Neural Data-Enabled Predictive Control
Mircea Lazar
TL;DR
This work extends data-enabled predictive control (DeePC) to nonlinear systems by integrating deep neural networks (NNs). The key idea is that the last hidden layer of a deep NN forms a neural-space basis, with the output layer providing affine interpolation in that space, enabling offline training of the basis and online DeePC predictions. If the NN uses linear activations, the approach reduces to the original linear DeePC, while nonlinear activations yield a set-valued neural predictor that is regularized to balance bias and variance.
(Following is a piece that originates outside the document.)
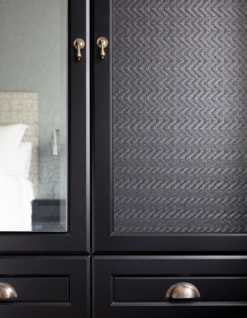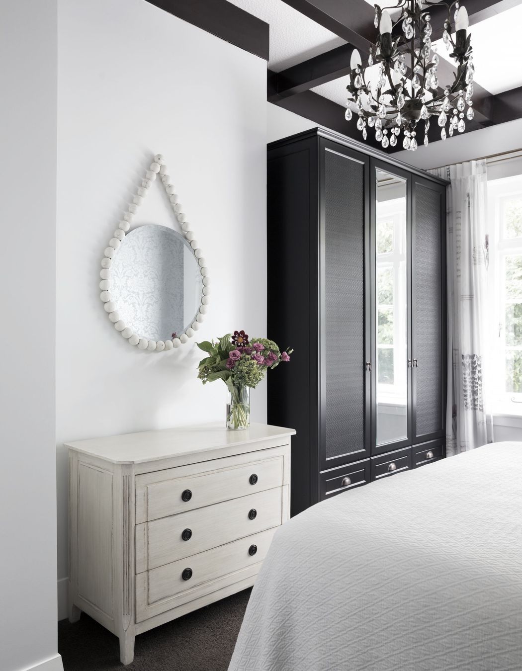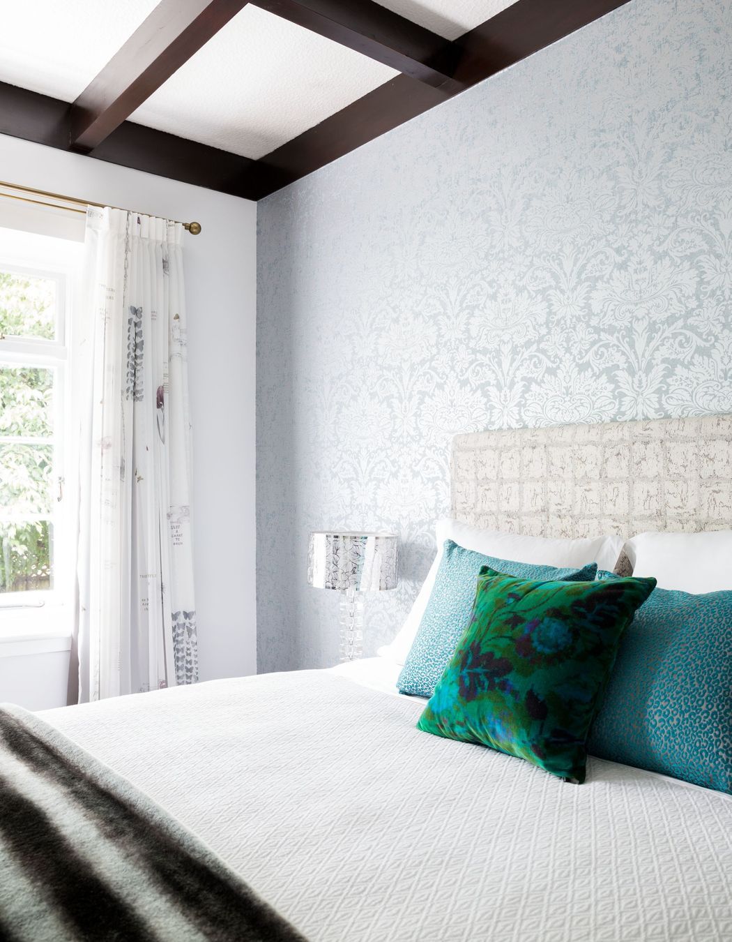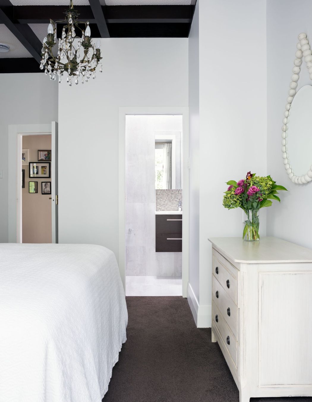 ArchiPro Project Summary - A serene bedroom design featuring a soft colour palette, silvery grey wallpaper, and custom furnishings, complemented by an en suite with elegant wall tiles and mosaic accents.

The paper introduces computationally efficient variants (including Neural-DeePC-3) and demonstrates performance on a nonlinear pendulum, highlighting significant gains in online computation suitable for real-time control while preserving predictive accuracy.
Abstract
Data-enabled predictive control (DeePC) for linear systems utilizes data matrices of recorded trajectories to directly predict new system trajectories, which is very appealing for real-life applications. In this paper we leverage the universal approximation properties of neural networks (NNs) to develop neural DeePC algorithms for nonlinear systems. Firstly, we point out that the outputs of the last hidden layer of a deep NN implicitly construct a basis in a so-called neural (feature) space, while the output linear layer performs affine interpolation in the neural space. As such, we can train off-line a deep NN using large data sets of trajectories to learn the neural basis and compute on-line a suitable affine interpolation using DeePC. Secondly, methods for guaranteeing consistency of neural DeePC and for reducing computational complexity are developed. Several neural DeePC formulations are illustrated on a nonlinear pendulum example.